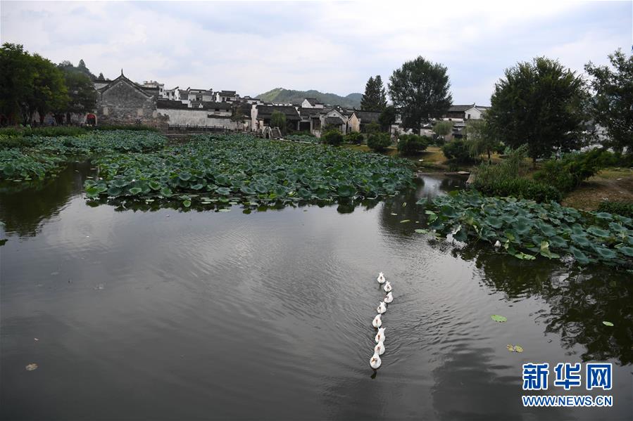 這是呈坎村內的荷塘(8月28日攝)。新華社記者劉軍喜攝
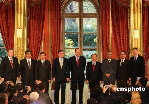 国际热核聚变实验堆(ITER)计划联合实施协定及相关文件正式签字仪式,11月21日在法国总统府爱丽舍宫举行。图为参加计划的各方代表在出席签字仪式后合影。中国科技部部长徐冠华(左三)率领中国代表团参加签字仪式并代表中国政府在协定上签字。出席签字仪式的还有法国总统希拉克(左五)、欧盟委员会主席巴罗佐(左四)以及印度、日本、韩国、俄罗斯和美国的代表。中新社发 钟诚 摄
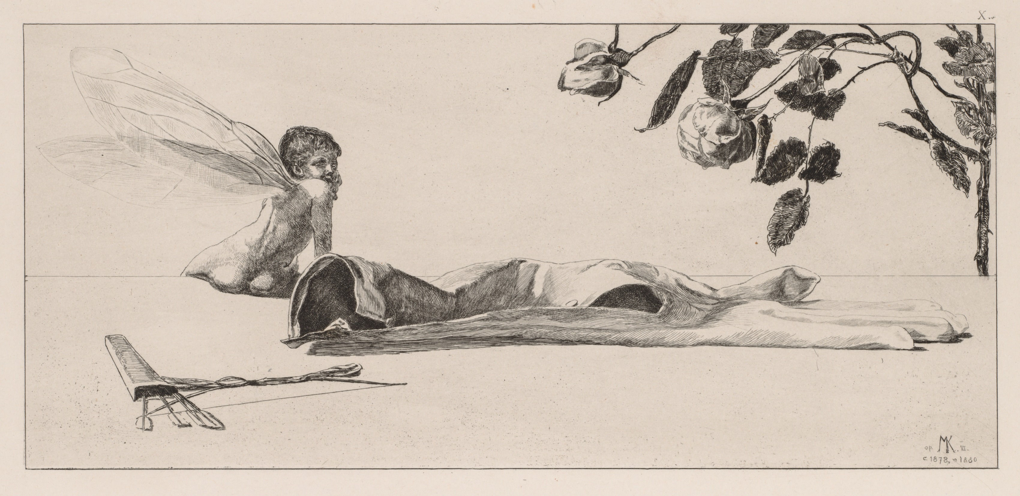 Black and white drawing on beige background. A small figure with wings sits on the left side behind a prostrate left hand and arm. The small figure faces right. A glove lies on the ground. A plant with leaves and buds hangs from the top right. The artist's initials are in the bottom right.
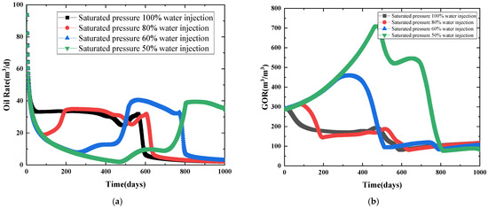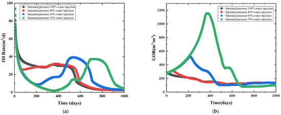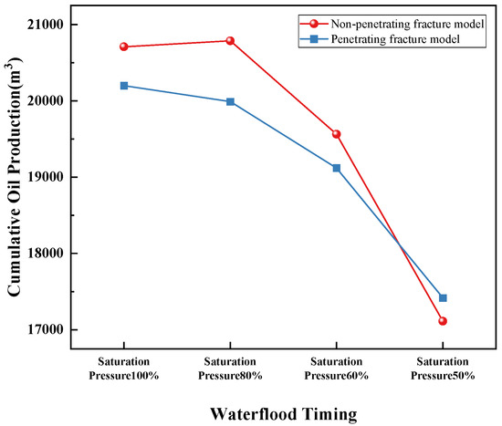 The study analyzed the impact of different water injection timings on productivity by selecting full-penetration and non-penetration fracture models. Water injection was performed when the reservoir pressure reduced to the bubble point pressure, 80% of the bubble point pressure, 60% of the bubble point pressure, and 50% of the bubble point pressure. As shown in Figure 17, Figure 18 and Figure 19, earlier water injection more effectively recovered formation energy, prolonged stable oil and gas production, and resulted in higher cumulative oil production. Delayed water injection led to lower reservoir pressure drops, higher gas–oil ratios during production, and reduced oil and gas output in later stages. For non-penetrating fractures, the highest cumulative oil production was achieved when injection occurred at 80% of the bubble point pressure. In penetrating fractures, earlier water breakthrough necessitated earlier injection timing. For field applications, it is recommended to initiate water injection when the formation pressure drops to 80% of the bubble point pressure to balance cost efficiency and maximize recovery.
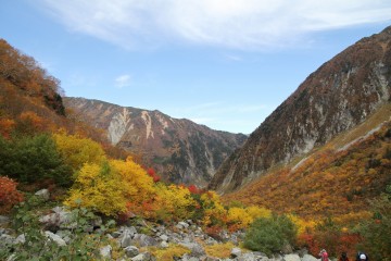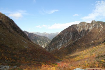 涸沢って穂高岳登山の前線基地みたいな場所で、上高地のまるっきり逆側なんだけど、この紅葉を目的にここを訪れる人も多くて(て、自分らがそうだったし)確かにこれは見事だと思う。写真にとっても、この凄さは伝わらんな。いや、写真の腕のうんぬんかんぬんでわなくてだな。
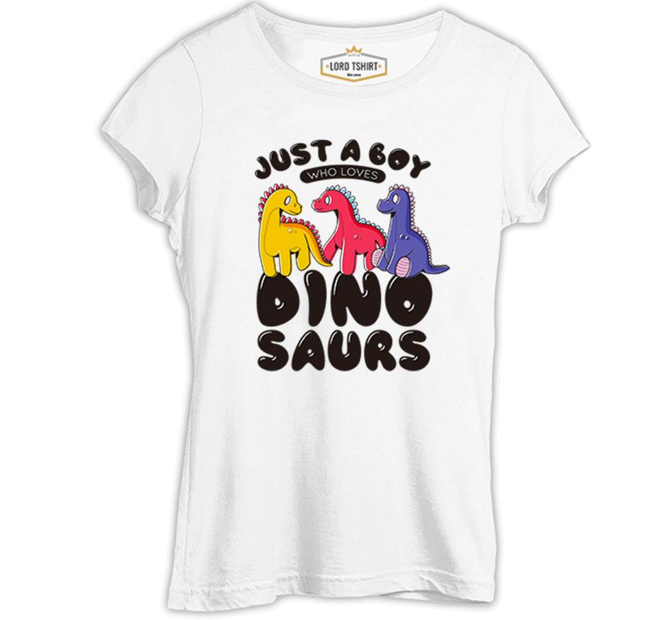 A Boy Who Loves Dinosaurs Beyaz Kadın Tshirt
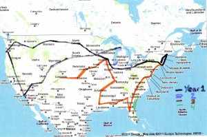 So with those basic parameters – 48 months, all 48 states, summers north, winters south – I set out to solve that little routing problem. Plus, of course, we had to start in MA on July 1, 2012, and because gas is expensive we would like to keep the miles low. And let’s give every state, no matter how small and insignificant (this one’s for you, North Dakota!), a full week. And give every state an even number of weeks just to keep the accounting simple. Maybe try to hit VA and MA multiple times, too, as we have family in both places.
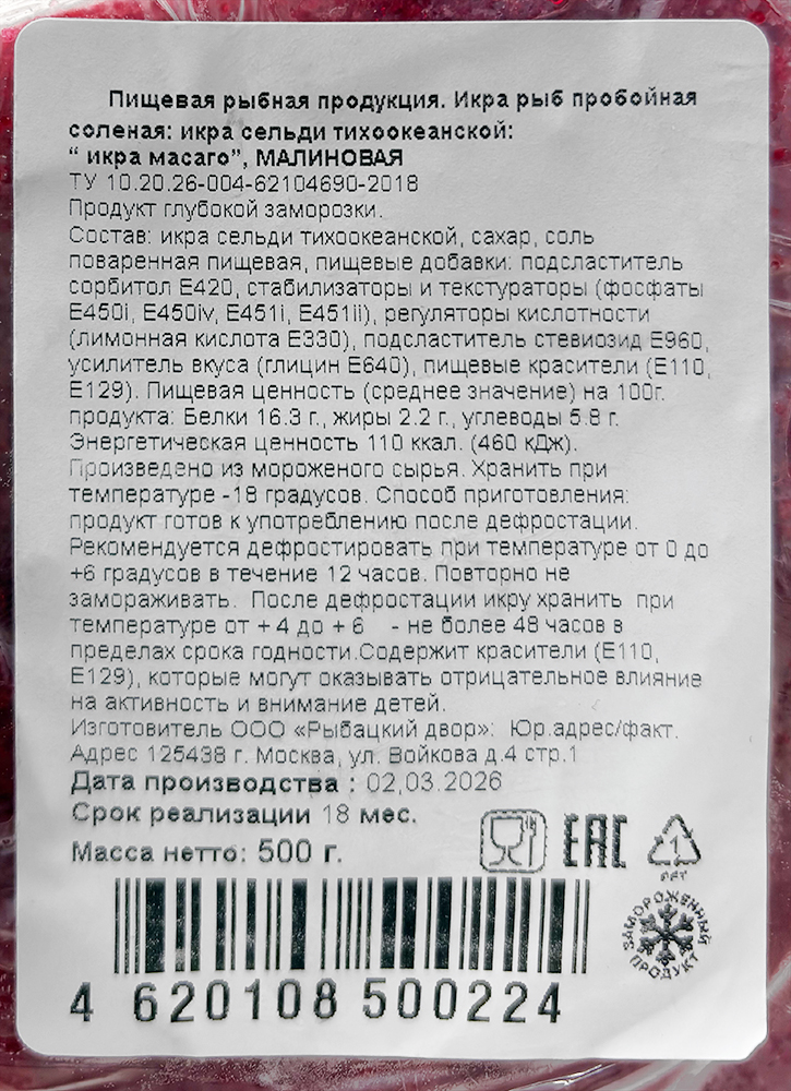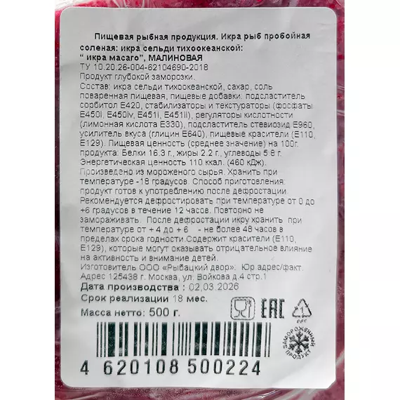 Икра сельди тихоокеанской, сахар, соль поваренная пищевая, пищевые добавки: подсластитель сорбитол E420, стабилизаторы и текстураторы (фосфаты E450i, E450iv, E451i, E451ii), регуляторы кислотности (лимонная кислота E330), подсластитель стевиозид E960, усилитель вкуса (глицин E640), пищевые красители (E110, E129).
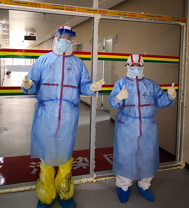 在这里很能体会到哥哥姐姐对我的关爱,还有来自后方大瑞康各位领导同事以及亲朋好友,你们的祝福我也收到了。我们一定履行医者职责,做好防护,不辱使命。
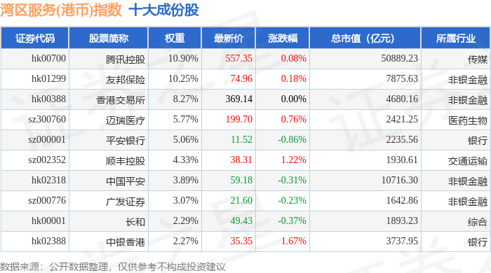 湾区服务(港币)(980012)指数十大成份股详情如下:
#####
(Your assignment) From the first line to the last, repeat the records exactly and skip the pictures.

(Response area)
 這是呈坎村內的荷塘(8月28日攝)。新華社記者劉軍喜攝
 国际热核聚变实验堆(ITER)计划联合实施协定及相关文件正式签字仪式,11月21日在法国总统府爱丽舍宫举行。图为参加计划的各方代表在出席签字仪式后合影。中国科技部部长徐冠华(左三)率领中国代表团参加签字仪式并代表中国政府在协定上签字。出席签字仪式的还有法国总统希拉克(左五)、欧盟委员会主席巴罗佐(左四)以及印度、日本、韩国、俄罗斯和美国的代表。中新社发 钟诚 摄
 Black and white drawing on beige background. A small figure with wings sits on the left side behind a prostrate left hand and arm. The small figure faces right. A glove lies on the ground. A plant with leaves and buds hangs from the top right. The artist's initials are in the bottom right.
 The study analyzed the impact of different water injection timings on productivity by selecting full-penetration and non-penetration fracture models. Water injection was performed when the reservoir pressure reduced to the bubble point pressure, 80% of the bubble point pressure, 60% of the bubble point pressure, and 50% of the bubble point pressure. As shown in Figure 17, Figure 18 and Figure 19, earlier water injection more effectively recovered formation energy, prolonged stable oil and gas production, and resulted in higher cumulative oil production. Delayed water injection led to lower reservoir pressure drops, higher gas–oil ratios during production, and reduced oil and gas output in later stages. For non-penetrating fractures, the highest cumulative oil production was achieved when injection occurred at 80% of the bubble point pressure. In penetrating fractures, earlier water breakthrough necessitated earlier injection timing. For field applications, it is recommended to initiate water injection when the formation pressure drops to 80% of the bubble point pressure to balance cost efficiency and maximize recovery.
 涸沢って穂高岳登山の前線基地みたいな場所で、上高地のまるっきり逆側なんだけど、この紅葉を目的にここを訪れる人も多くて(て、自分らがそうだったし)確かにこれは見事だと思う。写真にとっても、この凄さは伝わらんな。いや、写真の腕のうんぬんかんぬんでわなくてだな。
 A Boy Who Loves Dinosaurs Beyaz Kadın Tshirt
 So with those basic parameters – 48 months, all 48 states, summers north, winters south – I set out to solve that little routing problem. Plus, of course, we had to start in MA on July 1, 2012, and because gas is expensive we would like to keep the miles low. And let’s give every state, no matter how small and insignificant (this one’s for you, North Dakota!), a full week. And give every state an even number of weeks just to keep the accounting simple. Maybe try to hit VA and MA multiple times, too, as we have family in both places.
 Икра сельди тихоокеанской, сахар, соль поваренная пищевая, пищевые добавки: подсластитель сорбитол E420, стабилизаторы и текстураторы (фосфаты E450i, E450iv, E451i, E451ii), регуляторы кислотности (лимонная кислота E330), подсластитель стевиозид E960, усилитель вкуса (глицин E640), пищевые красители (E110, E129).
 在这里很能体会到哥哥姐姐对我的关爱,还有来自后方大瑞康各位领导同事以及亲朋好友,你们的祝福我也收到了。我们一定履行医者职责,做好防护,不辱使命。
 湾区服务(港币)(980012)指数十大成份股详情如下:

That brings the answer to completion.